• Le sommeil

    Aucun changement ! Mon état, vraiment, est bizarre. A mesure qu’approche le soir, une inquiétude incompréhensible m’envahit, comme si la nuit cachait pour moi une menace terrible. Je dîne vite, puis j’essaye de lire ; mais je ne comprends pas les mots ; je distingue à peine les lettres. Je marche alors dans mon salon de long en large, sous l’oppression d’une crainte confuse et irrésistible, la crainte du sommeil et la crainte du lit.

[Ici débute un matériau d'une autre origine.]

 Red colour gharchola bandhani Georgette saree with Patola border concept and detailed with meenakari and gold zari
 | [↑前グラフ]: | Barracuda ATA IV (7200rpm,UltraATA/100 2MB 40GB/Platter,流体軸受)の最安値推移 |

    Vers dix heures, je monte dans ma chambre. A peine entré, je donne deux tours de clef, et je pousse les verrous ; j’ai peur... de quoi ?... Je ne redoutais rien jusqu’ici... j’ouvre mes armoires, je regarde sous mon lit ; j’écoute... j’écoute... quoi ?... Est-ce étrange qu’un simple malaise, un trouble de la circulation peut-être, l’irritation d’un filet nerveux, un peu de congestion, une toute petite perturbation dans le fonctionnement si imparfait et si délicat de notre machine vivante, puisse faire un mélancolique du plus joyeux des hommes, et un poltron du plus brave ? Puis, je me couche, et j’attends le sommeil comme on attendrait le bourreau. Je l’attends avec l’épouvante de sa venue ; et mon cœur bat, et mes jambes frémissent ; et tout mon corps tressaille dans la chaleur des draps, jusqu’au moment où je tombe tout à coup dans le repos, comme on tomberait pour s’y noyer, dans un gouffre d’eau stagnante. Je ne le sens pas venir, comme autrefois, ce sommeil perfide, caché près de moi, qui me guette, qui va me saisir par la tête, me fermer les yeux, m’anéantir.

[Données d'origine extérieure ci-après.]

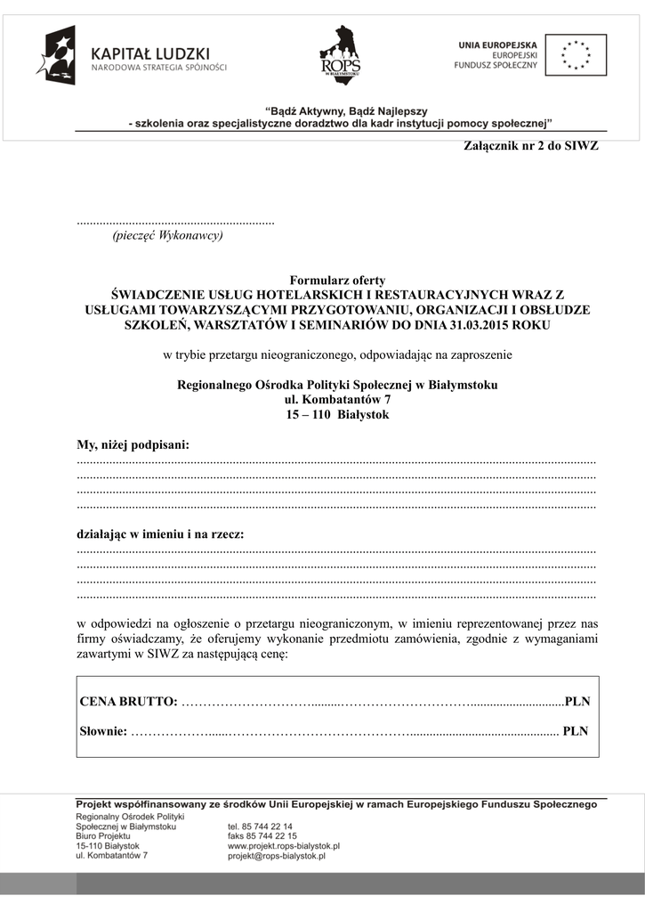 Załącznik nr 2 do SIWZ ............................................................. (pieczęć Wykonawcy) Formularz oferty ŚWIADCZENIE USŁUG HOTELARSKICH I RESTAURACYJNYCH WRAZ Z USŁUGAMI TOWARZYSZĄCYMI PRZYGOTOWANIU, ORGANIZACJI I OBSŁUDZE SZKOLEŃ, WARSZTATÓW I SEMINARIÓW DO DNIA 31.03.2015 ROKU w trybie przetargu nieograniczonego, odpowiadając na zaproszenie Regionalnego Ośrodka Polityki Społecznej w Białymstoku ul. Kombatantów 7 15 – 110 Białystok My, niżej podpisani: ................................................................................................................................................................ ................................................................................................................................................................ ................................................................................................................................................................ ................................................................................................................................................................ działając w imieniu i na rzecz: ................................................................................................................................................................ ................................................................................................................................................................ ................................................................................................................................................................ ................................................................................................................................................................ w odpowiedzi na ogłoszenie o przetargu nieograniczonym, w imieniu reprezentowanej przez nas firmy oświadczamy, że oferujemy wykonanie przedmiotu zamówienia, zgodnie z wymaganiami zawartymi w SIWZ za następującą cenę: CENA BRUTTO: ………………………….........………………………….............................PLN Słownie: ………………......…………………………………….............................................. PLN ZAKRES ZAMÓWIENIA LICZBA USŁUG JEDNOSTKOWA CENA BRUTTO I. Szkolenia A. Szkolenia jednodniowe pierwszy poczęstunek kawowy drugi poczęstunek kawowy obiad Szkolenia jednostkowe, 84 Szkolenia jednostkowe 84 Szkolenia jednostkowe, 84 sala szkoleniowa Szkolenia jednostkowe, 4 Szkolenia jednostkowe, SUMA B. Szkolenia dwudniowe pierwszy poczęstunek kawowy drugi poczęstunek kawowy Szkolenia jednostkowe, dla pup i ops; Osoby niepełnosprawne, Szkolenia jednostkowe, dla pup i ops; Osoby niepełnosprawne, 756 obiad Szkolenia jednostkowe, dla pup i ops; Osoby niepełnosprawne, Szkolenia jednostkowe, dla pup i ops; Osoby niepełnosprawne, Szkolenia jednostkowe, dla pup i ops; Osoby niepełnosprawne, Szkolenia jednostkowe, dla pup i ops; Osoby niepełnosprawne, Szkolenia jednostkowe, dla pup i ops; Osoby niepełnosprawne, Szkolenia jednostkowe, dla pup i ops; Osoby niepełnosprawne, 756 śniadanie kolacja pokój jednoosobowy pokój dwuosobowy sala szkoleniowa 756 234 234 54 90 36 Szkolenia jednostkowe, SUMA dla pup i ops; Osoby niepełnosprawne, C. Szkolenia trzydniowe pierwszy poczęstunek kawowy drugi poczęstunek kawowy Szkolenia jednostkowe; Osoby niepełnosprawne, 315 Szkolenia jednostkowe; Osoby niepełnosprawne, 315 obiad Szkolenia jednostkowe; Osoby niepełnosprawne, 315 śniadanie Szkolenia jednostkowe; Osoby niepełnosprawne, Szkolenia jednostkowe; 130 kolacja 130 CENA BRUTTO ŁĄCZNIE pokój jednoosobowy Osoby niepełnosprawne, Szkolenia jednostkowe; Osoby niepełnosprawne, 30 pokój dwuosobowy Szkolenia jednostkowe; Osoby niepełnosprawne, 50 sala szkoleniowa Szkolenia jednostkowe; Osoby niepełnosprawne, 15 Szkolenia jednostkowe; SUMA Osoby niepełnosprawne, II. Szkolenia/kursy specjalistyczne A. Szkolenia/kursy specjalistyczne dwudniowe pierwszy 592 poczęstunek kawowy drugi poczęstunek kawowy 592 obiad śniadanie kolacja pokój jednoosobowy 592 188 188 48 pokój dwuosobowy 70 sala szkoleniowa 32 SUMA B. Szkolenia/kursy specjalistyczne trzydniowe 948 pierwszy poczęstunek kawowy drugi poczęstunek kawowy obiad 948 948 śniadanie 396 kolacja 396 pokój jednoosobowy pokój dwuosobowy sala szkoleniowa 96 150 48 SUMA C. Szkolenia/kursy specjalistyczne czterodniowe 440 pierwszy poczęstunek kawowy drugi poczęstunek kawowy 440 obiad śniadanie kolacja pokój jednoosobowy 440 210 210 54 pokój dwuosobowy 78 sala szkoleniowa 24 SUMA III. Seminarium, spotkanie A. Seminaria/spotkanie jednodniowe pierwszy poczęstunek kawowy PWD DP ES WPRES drugi poczęstunek kawowy PWD DP ES WPRES obiad (bufet szwedzki) PWD DP ES WPRES sala seminaryjna PWD DP ES WPRES 70 140 50 20 70 140 50 20 70 140 50 20 1 2 1 1 PWD DP SUMA ES WPRES Razem I (A+B+C+D) + II (A+B) + III (A+B) Hotel, w którym zostaną świadczone usługi (nazwa hotelu, dokładny adres): …............................................................................................................................................................ …............................................................................................................................................................ …............................................................................................................................................................ ................................................................................................................................................................ Oświadczamy, że w cenie oferty zostały uwzględnione wszystkie koszty wykonania zamówienia i realizacji przyszłego świadczenia umownego. Oświadczamy, że zapoznaliśmy się z udostępnioną przez zamawiającego Specyfikacją Istotnych Warunków Zamówienia i nie wnosimy do niej żadn

    Je dors — longtemps — deux ou trois heures — puis un rêve — non — un cauchemar m’étreint. Je sens bien que je suis couché et que je dors,... je le sens et je le sais... et je sens aussi que quelqu’un s’approche de moi, me regarde, me palpe, monte sur mon lit, s’agenouille sur ma poitrine, me prend le cou entre ses mains et serre... serre... de toute sa force pour m’étrangler.
    Moi, je me débats, lié par cette impuissance atroce, qui nous paralyse dans les songes ; je veux crier, — je ne peux pas ; — je veux remuer, — je ne peux pas ; — j’essaye, avec des efforts affreux, en haletant, de me tourner, de rejeter cet être qui m’écrase et qui m’étouffe, — je ne peux pas !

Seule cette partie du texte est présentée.